The relationship between the Aulic Council and the Reichskammergericht is described as both competitive but also cooperative, depending on the situation. For most cases, litigants could choose between both courts. From 1620 onward, the Aulic Council began to significantly out produce the Reichskammergericht in terms of numbers of litigations. It is also during this time the Aulic Council underwent large reforms. The court would appoint Fiskal, special attorneys (see more information in Composition section), and established advocates to represent any litigants.

The Aulic Council would further evolve thanks to the Peace of Westphalia (1648) (which rectified some of the religious issues in the council), and later Emperor Ferdinand III's new constitution for the court in 1654. The Aulic Council being faster than the Reichskammergericht, and also possessing the Emperor's direct authority, made it attractive to litigants. After Westphalia, the Aulic Council's involvement in Imperial Cities also grew (see Responsibilities: Imperial Cities section). The court played a major role during the Habsburg resurgence in the Empire under Emperor Leopold I. Historian Barbara Stollberg-Rilinger describes it as "the most important instrument that Leopold used in exercising his supreme authority."

In 1767, the Aulic Council handled 2,088 cases. This grew to 3,388 in 1779.

When Napoleon I's gains after the Battle of Austerlitz and the Peace of Pressburg culminated in the end of the Holy Roman Empire, the Aulic Council likewise ceased to exist in 1806 as an imperial institution.

=== Relationship to the Emperor ===
Though the court was often in Vienna and politically tied to the Emperor, some historians do not consider it to be strictly partisan in favor of the Emperor. A nuanced view states how Emperors after the Westphalia (1648) realized that using the Aulic Council for political means would make the court less respected, and that the courts sometimes went against the Emperor's wishes or policies. The Aulic Council attached much of its importance to legal arguments, so it sometimes contradicted the Emperor. Historian Leopold Auer states that "the interests of the [Emperor] could, of course, go against [the Aulic Council's] policy... and [create] to conflicts in which the Council might even come to conclusions different from those of the emperor himself."
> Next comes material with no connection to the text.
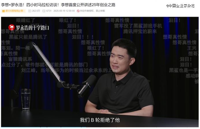 在《罗永浩的十字路口》里,他把自己放在了倾听者的角色,邀请不同领域的人物进行深度对话,聊科技、人文、世界格局、时代变迁以及人生抉择。目前节目已经上线三期,在长达3-5小时的马拉松访谈中,李想、何小鹏、何广智都展露了真实一面。

=== An example of juridification and the protection of smaller Imperial estates: Brandenburg-Kulmbach v. Prussia ===
The Holy Roman Empire, even in its later years, maintained relative peace and stability. Additionally, the existence of smaller territorial princes was maintained, in spite of attempts by more powerful princes to absorb smaller ones (which later occurred during mediatisation). In this regard, the Aulic Council played a major role. Historian Siegrid Westphal demonstrated in her work that the Aulic Council played the role of a mediator in conflicts between Imperial estates. A great example of this is the Brandenburg-Kulmbach succession crisis.

Ruled by a branch of the Prussian Hohenzollern family, the small margraviate was at risk of falling into Prussian hands. Prussia had purchased the succession claim from a junior Brandenburg-Kulmbach prince, Christian Heinrich, in 1703. This led to a dispute over whether or not Christian Heinrich's son, George Frederich Karl, should have succession rights. The Prussians refused to accept George Frederich Karl's claim, and began to actively prepare the territory for a Prussian takeover following the death of the reigning Margrave, George Wilhelm.

Worried about the possibility of Prussian annexation, Kulmbach margraves appealed to the Emperor and the Elector of Mainz for protection. Imperial Vice-Chancellor, Friedrich Karl von Schönborn, petitioned the case to Emperor Charles VI, seeking to limit Prussia's growing power. To appear impartial, the case was sent to the Aulic Council. In 1716, the Aulic Council declared that the Prussian purchase of the Kulmbach succession claim was invalid, and went against the succession customs of the Hohenzollerns. The Aulic Council stated that the transfer of claims was made during a time of duress (War of the Spanish Succession). A Kulmbach envoy is reported to have said have commented "'at least in Germany we no longer have to rely on weapons, but on due process, which gives the weaker estates cause to rejoice." Prussia complied with the Aulic Council's demands, and the crisis in Kulmbach was settled without further trouble.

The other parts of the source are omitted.